Türkiye’de kuraklığın giderek derinleştiğini gösteren işaretler giderek artıyor. 13 Temmuz’da Meteoroloji Genel Müdürlüğü’nün yayımladığı haritalarda Kürt coğrafyası ile Ege Bölgesi’nin güneyi, Aksaray ve Konya coğrafyasının olağanüstü kuraklıkla yüz yüze olduğu görülüyor. Geçtiğimiz haziran ayında yayımlanan haritalarda da olağanüstü kurak bölgelerin çok ciddi düzeyde arttığı görülmüştü.
Tarımsal üretimlerin giderek düştüğü günümüzde iktidardan iyi bir şeyler yapmasını beklemeden uzmanların görüşleri ve yardımları ile kurak olan bölgelerde uygun tarım üretim çeşitlerinin tartışılması gerektiği ve bölgede barajlar nedeniyle yeraltı sularına mahkum edilen çiftçilerin ücretsiz suya erişiminin sağlanmasına yönelik ertelenemez bir talep olarak gündeme taşınması gerekiyor. Bunun dışında kısa vadeli bir çözüm ufukta görünmüyor.
Bu yaşanan kuraklık süreci elbette sadece Türkiye’de değil tüm dünyada benzer biçimlerde kendini gösterirken, iklim değişimine yönelik acil önlemler alınması gerekiyor. Ülkeler bu süreci, gerçekleştirdikleri iklim ziveleri ile sermaye kesimlerine yeni yağma yolları açmak için kullanıyor olması ise önemli bir sorun. İklim değişimini hızlandıran sermaye etikinliklerine karşı halklar ciddi önleyici mücadeleleri büyütmek zorunda.
Dünyada süren iklim değişiminin yakın gelecekte büyük bir gıda sorununa neden olacağı ve küresel boyutta büyük açlıkların yaşanacağı bilim insanlarının raporlarında yer alıyor. Brezilya’da sulama için ihtiyaç duyulan su rezervuarlarını tüketen kuraklığın ortaya çıkmış olması ise büyük bir felaket anlamına geliyor.

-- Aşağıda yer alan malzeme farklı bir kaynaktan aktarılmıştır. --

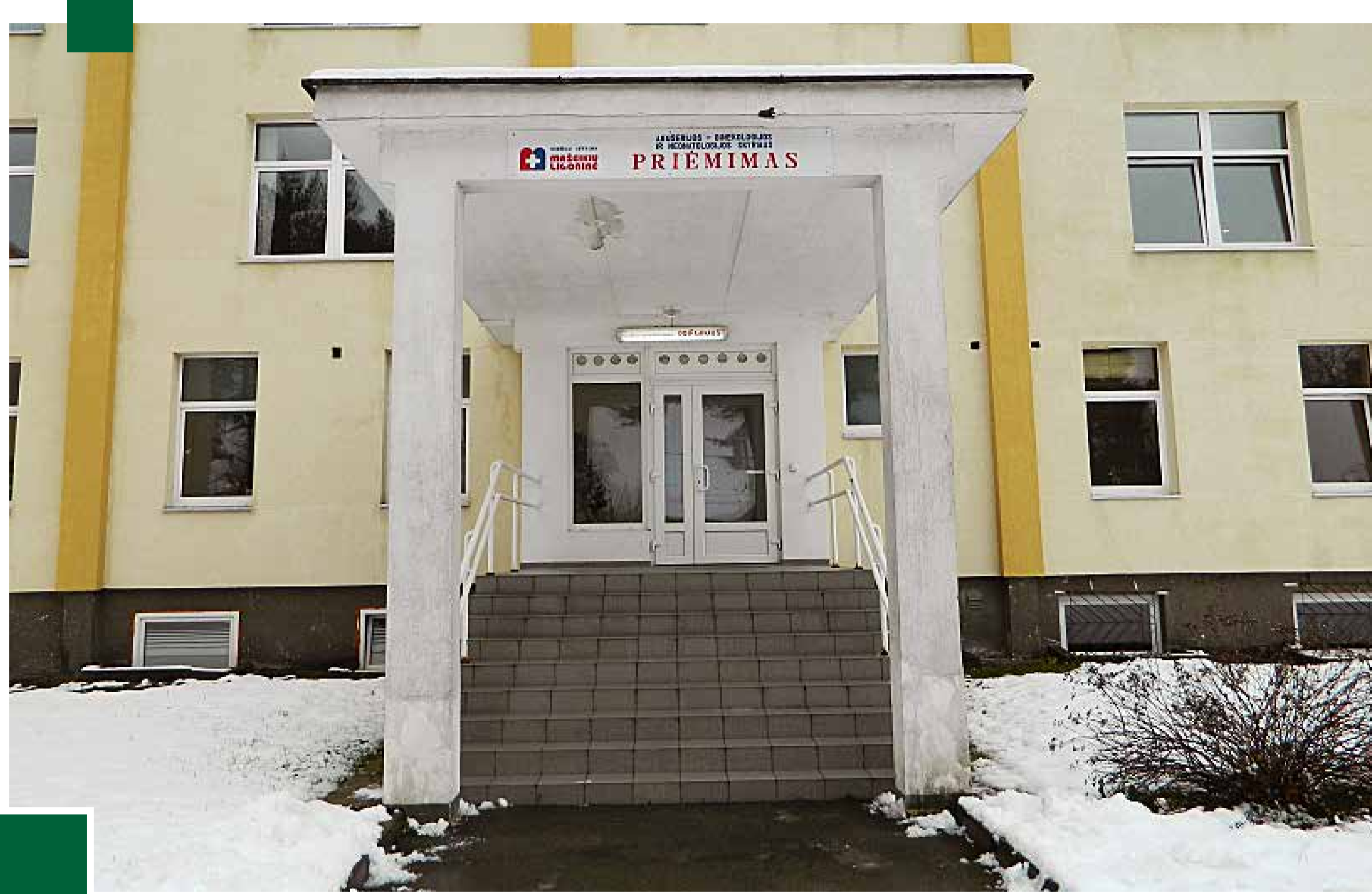
Pacienčių iškėlimo iš GMP automobilio patalpos prieš įrengimą

Hindistan’da çiftçiler ürün rekoltelerinde yaşanan büyük düşüşlerle birlikte, tohum ve gübre şirketlerine biriken ve ödeyemedikleri büyük borçları nedeniyle intihar etmeye devam ederken, intihar edenlerin sayısı milyonlara dayanmış durumda. Dünyadaki bu durum büyük bir kıtlığın ve kitlesel göçlerin yaşanacağı günlerin arefesinde olduğumuza işaret ediyor.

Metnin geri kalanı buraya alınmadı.